Eu costumo estar atrasada. E carrego um
monte de tralha. (Eles nunca carregam tralha.) Minhas roupas não são
propriamente cafonas, mas, na dúvida, eu aposto em tudo preto,
porque nunca saberei harmonizar estampas.
Eu acordo com o cabelo amassado. Eu como
pão com manteiga. Eu almocei rolo de carne com purê. Eu prendo o
cabelo para poder lavar só à noite. Eu não vou à academia tanto
quanto deveria. E, quando vou, não posto foto. Sábado à noite eu
às vezes estou de pijama. Às vezes estou na minha avó. Às vezes
estou estudando. Às vezes estou embriagada e nenhuma foto sai boa.
Tem algo de muito estranho num mundo no
qual a gente se sente estranho por ser normal.
Ser uma pessoa impecável, um post na
vida real, é uma escolha. Ser uma pessoa lifestyle, que não molha o
cabelo na piscina para divar nas fotos, que acorda uma hora mais cedo
para escolher a roupa, que come o que é mais fotogênico e não o
que é mais gostoso, que checa a cada cinco minutos se a aparência
está ideal, pode ser interessante para alguns. Não para mim.

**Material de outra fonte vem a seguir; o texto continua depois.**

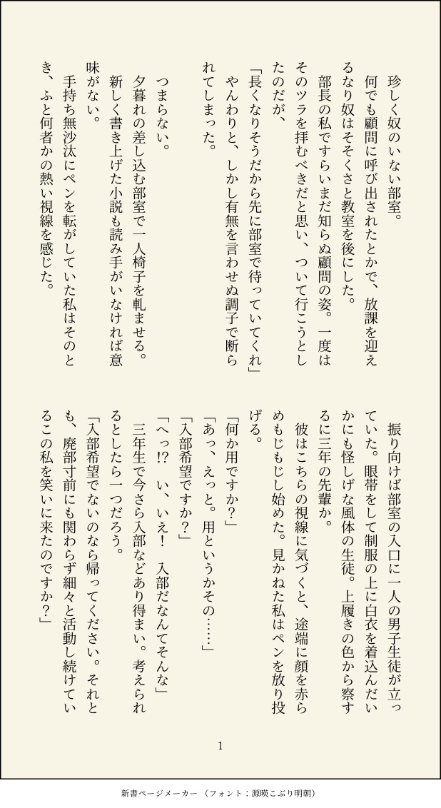 はとむぎ☆quiet followMOURNING以前ツイッターに上げた現パロ博玉超短編小説。高校生の玉森くんと博士の出会いのお話です。玉森くんと水上が文芸部に所属している設定(水上は出てきません)。ちなみに顧問はゲーム本編でも姿を見せないでお馴染みのあの人(こちらも出てきません)。 show all(+3 images) Tap to full screen (size:618x1132).Repost is prohibited Let's send reactions! freqpopularsnackothersPayment processing Replies from the creator Follow creator you care about!☆quiet follow はとむぎDONE「花時雨」過去作「夏時雨」から翌年春の後日譚。現代転生した水玉が同棲しながら一緒の大学に通ってます。女子学生を助ける水上を偶然見かけて嫉妬していた玉森くんと、桜の景色に誘われ前世の記憶に思いを馳せる水上の話。⚠︎生理ネタ ⚠︎過去捏造(前世百合)有り 10 はとむぎDONE「黄金日車の涕く海で」「一緒に暮らそう」が言えなくて孤軍奮闘する玉森くんの話。「君がため」未読の人間が書いた向日葵と水玉の妄想です。ここだけで勝手に作った設定や自己解釈を多分に含むので注意。名前は出ませんがオリジナルの女性記者が登場します。 60 はとむぎMENU水玉小説本「夏時雨」の紹介と本文サンプルです 29 はとむぎDONE「緑雨」現代に転生して同じ大学に通っていて、水上√で玉森くんと結ばれた記憶を持つ水上が、記憶を持たない玉森くんに誕生日を祝われる話。過去作「夏時雨」の3ヶ月前の話で前日譚にあたります。「夏時雨」を読んでなくても何となく読める内容だと…思う…多分…「この会話が初めてじゃない」とか自分の誕生日への捉え方とか諸々捏造過多、ここだけの設定です。 14 はとむぎDOODLE4月〜4月(1年)まとめ 37 はとむぎMOURNING恥ずかしくて載せられずにいた水玉たち🔑:水上が首にかけてる◯◯◯(ひらがな) 15 recommended works DADATAdaaaaanDOODLE大急ぎで描いたけど案の定ラフしかできなかった劇団玉森くん…!橋姫の日おめでとう(?)ございました! DADATAdaaaaanDOODLE玉森くん誕生日おめでとう! madobe_rakugakiDOODLE水玉ルートの玉森くんはツンがとてもいい 2 madobe_rakugakiDOODLEそう言って全部するまでが水上 篠原BLANK(橋姫)魔法使い博士少年と相棒の黒猫玉森くん/博玉…? madobe_rakugakiDOODLETwitterにあげた水玉 4 madobe_rakugakiDOODLE 優しいゴリラさん🦍PASTTwitterに載せたもの格納③川玉多め 21 marija_scaleTRAININGちょっとえっちな表情練習(博玉)
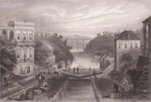 Original lithograph showing the Erie Canal at Lockport, New York c. 1855. Published for Herrman J. Meyer, 164 William Street, New York City.
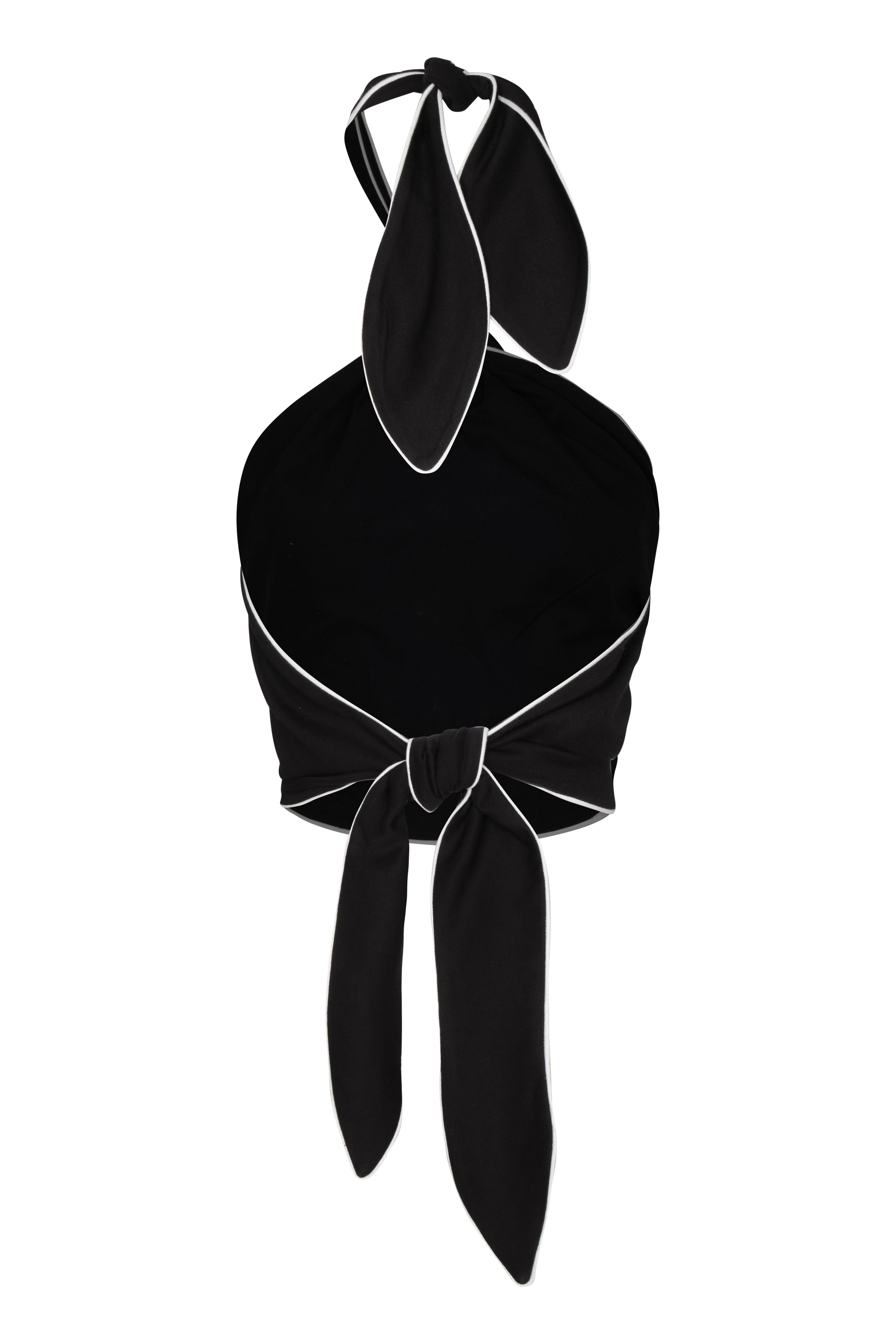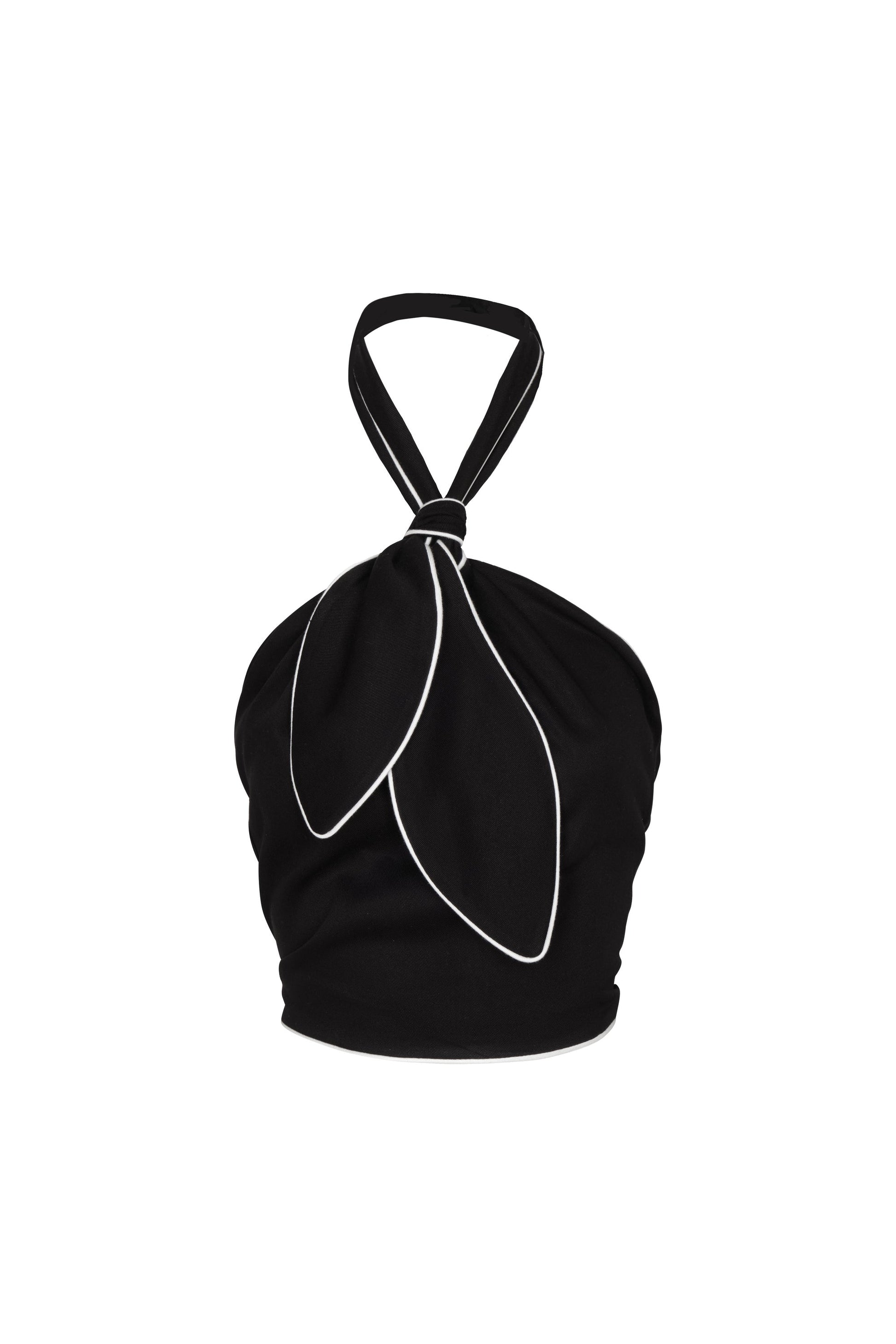 "Encanto Eterno" is a black top made of rayon. Its distinctive neckline adds elegance and elevates any look.
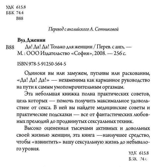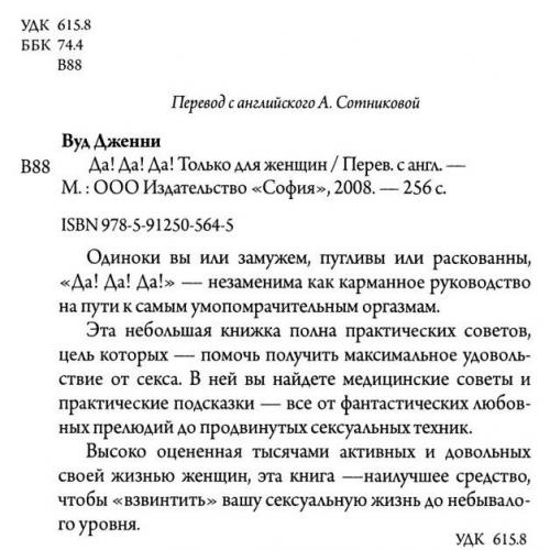 Одиноки вы или замужем, пугливы или раскованны, ''Да! Да! Да!'' - незаменима как карманное руководство на пути к самым умопомрачительным оргазмам. Эта небольшая книжка полна практических советов, цель которых - помочь получить максимальное удовольствие от секса. В ней вы найдете медицинские советы и практические подсказки - все от любовных прелюдий до продвинутых сексуальных техник.
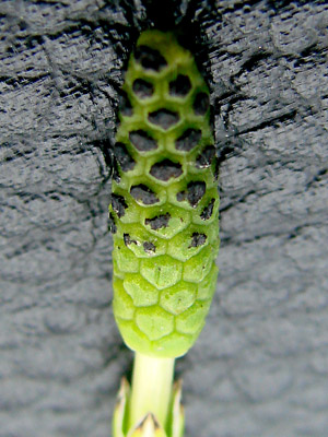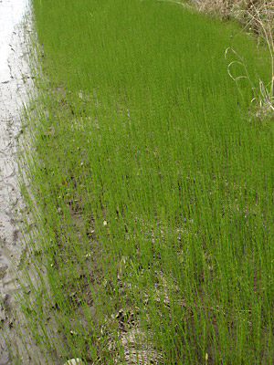 A species thriving in wet areas known as the "marsh horsetail".
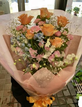 バラをメインに季節のお花もお入れしお作りしました。豪華ですが可愛い雰囲気に仕上がったと思います。オレンジバラ、ピンクスプレーバラ、スイートピー、カスミソウ、デルフィニウムで束ねました。
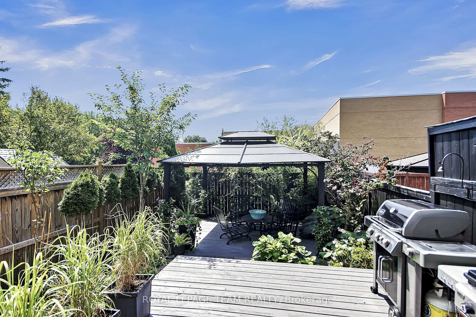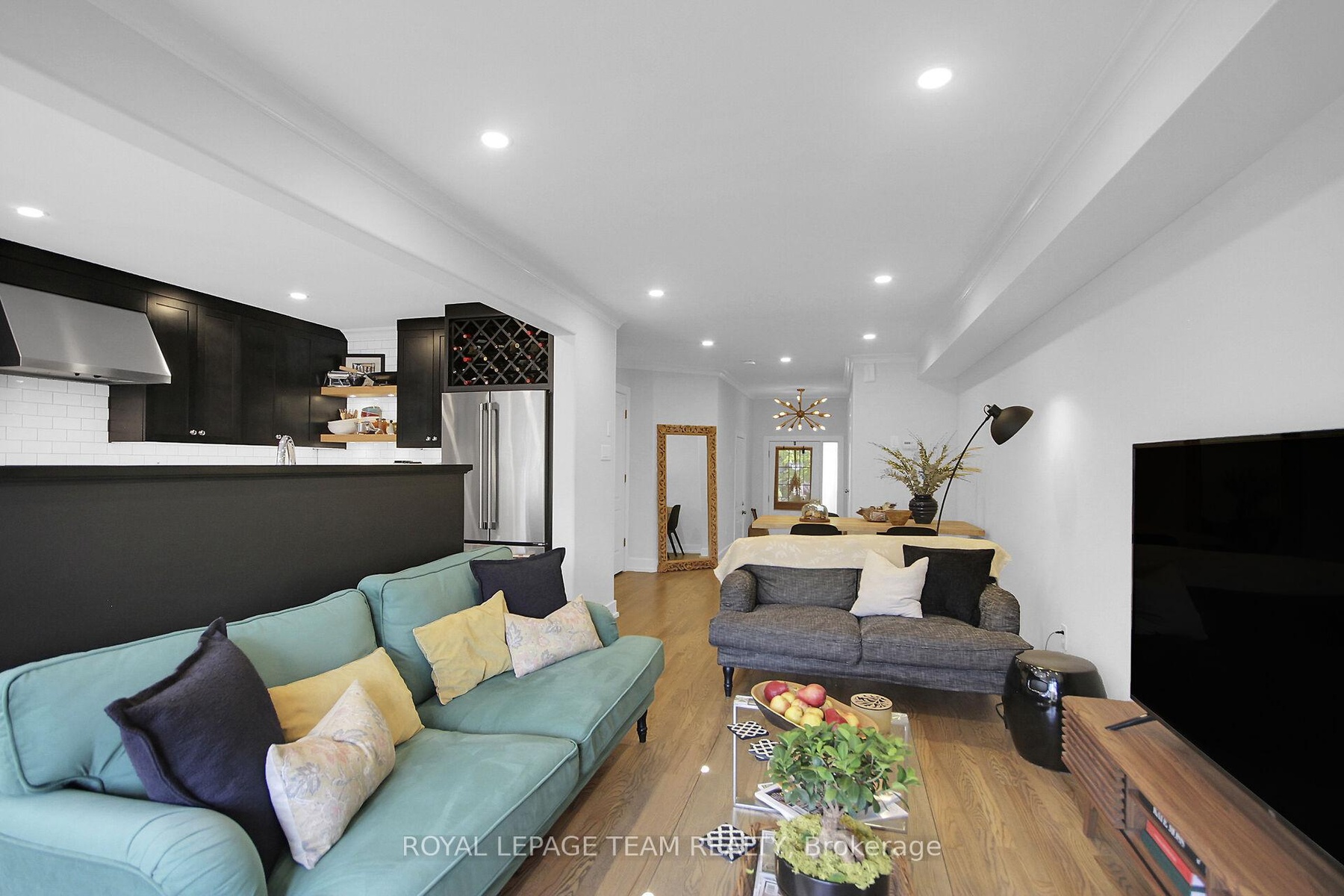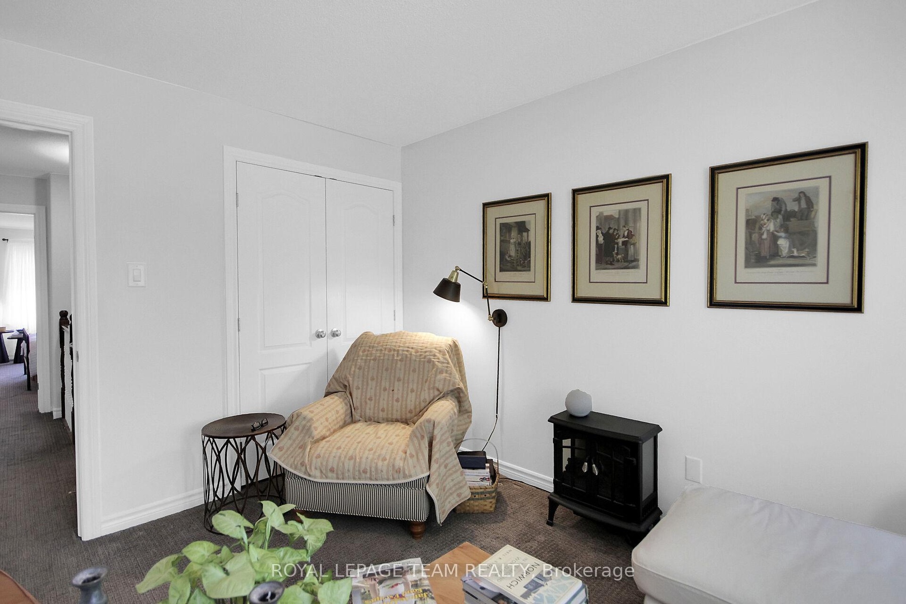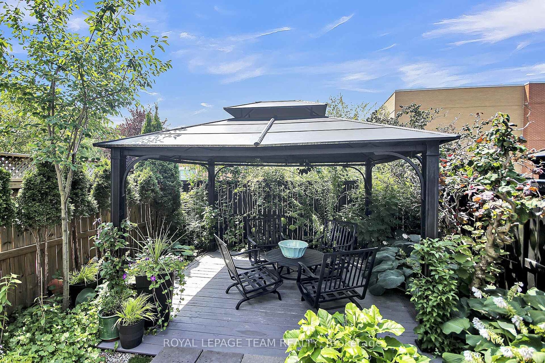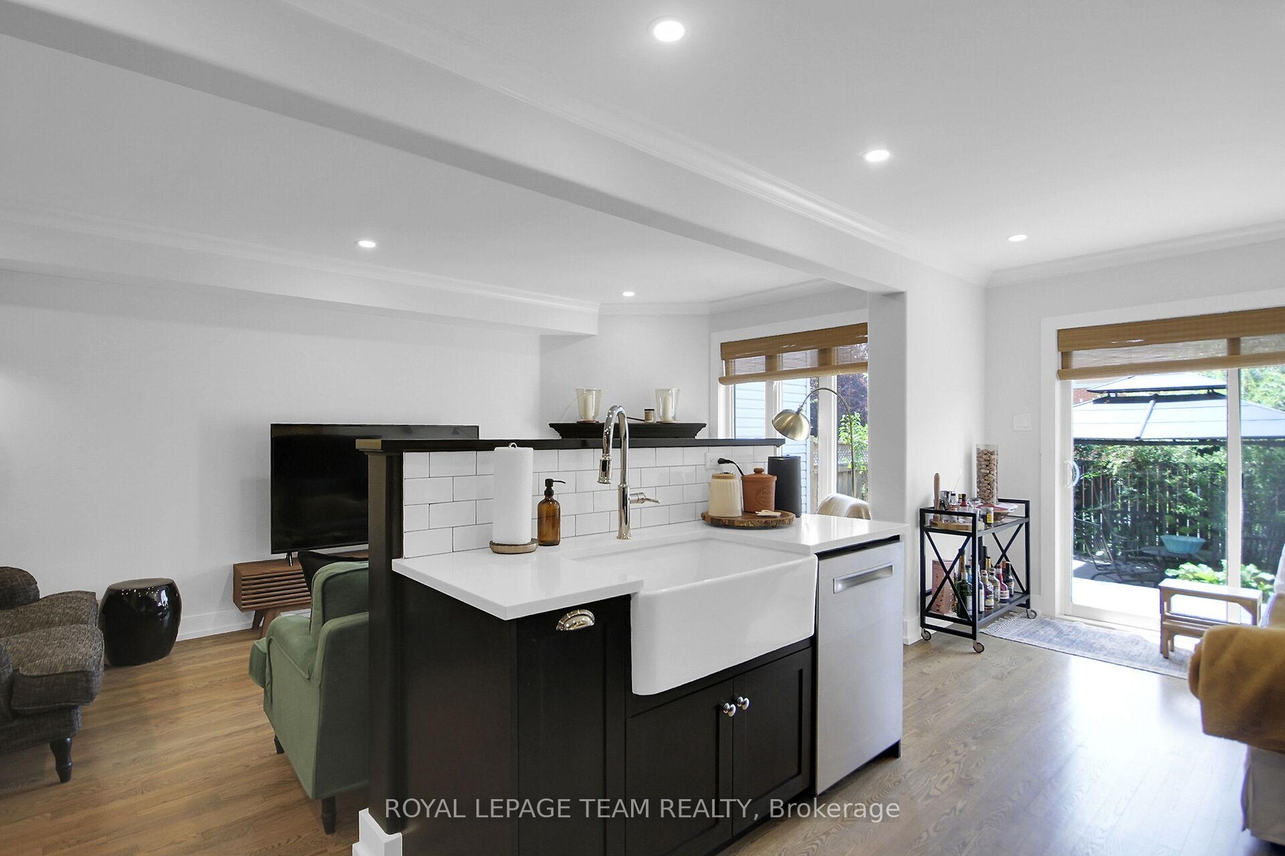 Gorgeous townhome in Stittsville. This beautifully updated family home is located on a private crescent, near schools, parks, transit and shopping. The backyard is a tranquil oasis with a large deck, an oversize gazebo and amazing plants. There are no overlooking neighbours to the rear as this unit backs on to the quiet side of an elementary school. The ground floor is an expansive open plan and has hardwood and pot lights throughout. Entering the contemporary tiled foyer from the garage or front porch, one passes a convenient powder room into a sweeping living/dining room with gas fireplace and tall windows. This is paralleled by the show-stopping modern kitchen with dramatic custom cabinets, white quartz counters, a coveted farmhouse sink and high-end appliances. The bright adjoining breakfast/sitting area leads to the deck through tall patio doors. Upstairs features three generous bedrooms. The principal bedroom overlooks the private back yard. It boasts a walk-in closet and updated ensuite with separate shower and inviting soaking tub. The other two bright bedrooms at the front of the house share a family bath. The washer and dryer are conveniently placed on this level. The basement has been furnished with another complete modern bathroom. There is a large family room and two generous storage areas. This home has all that a family needs.
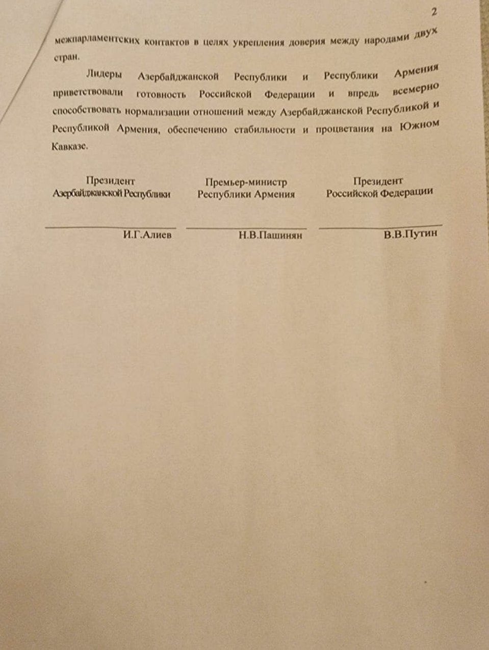 Azərbaycan-Ermənistan münasibətlərinin kompleks şəkildə normallaşdırılması, sülhün, sabitliyin, təhlükəsizliyin və Cənubi Qafqazın davamlı iqtisadi inkişafının təmin edilməsi naminə göstərilən bütün razılaşmalara dönmədən riayət edilməsinə sadiq olduğumuzu təsdiq etdik. Qalan məsələlərin, o cümlədən humanitar məsələlər blokunun təxirə salınmadan həllinə yönəlmiş əlavə səylər göstərmək barədə razılaşdıq.
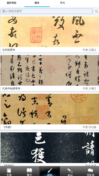 1、直接在里面查看各种书法的字帖,帮助用户了解和熟识各种书法的字体;
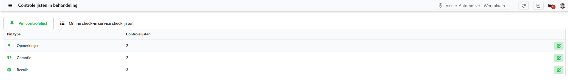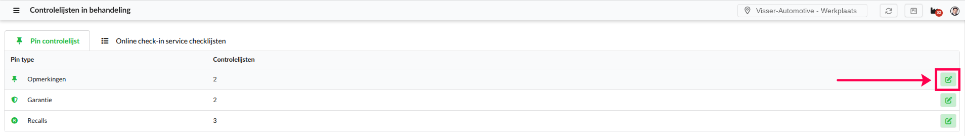 Op het eerste tablad Pin controlelijst kun je controlelijsten toevoegen aan de pin-types: Opmerkingen, Garantie en Recalls. Klik op het groene bewerk-icoon om controlelijsten toe te voegen aan een pin-type:

Eu não tenho tempo para isso. Na
verdade, nem tempo nem interesse. Eu tenho que guardar as roupas que
ficaram em cima da cama. Tenho que passar no banco. Pode ser que eu
pise num chiclete. Que entre um cisco no meu olho. Que uma semente do
kiwi fique entre meus dentes.
Não, eu nunca serei digna de um estilo
de vida a ser compartilhado. Não nasci para ter lifestyle. Eu nasci
para sentir o vento bater no rosto sem me preocupar se o cabelo vai
bagunçar. Nasci para deitar na grama sem me preocupar se a roupa é
clara. Nasci para chorar fora de hora e ficar com a cara inchada.
Nasci para chorar de rir. Para suar. Para lavar louça. Para
trabalhar até tarde. Para regar minhas plantas. Para colocar pijama,
requentar o jantar de ontem e abraçar quem eu amo. E isso é o que
chamam de vida, e não o tão cobiçado lifestyle.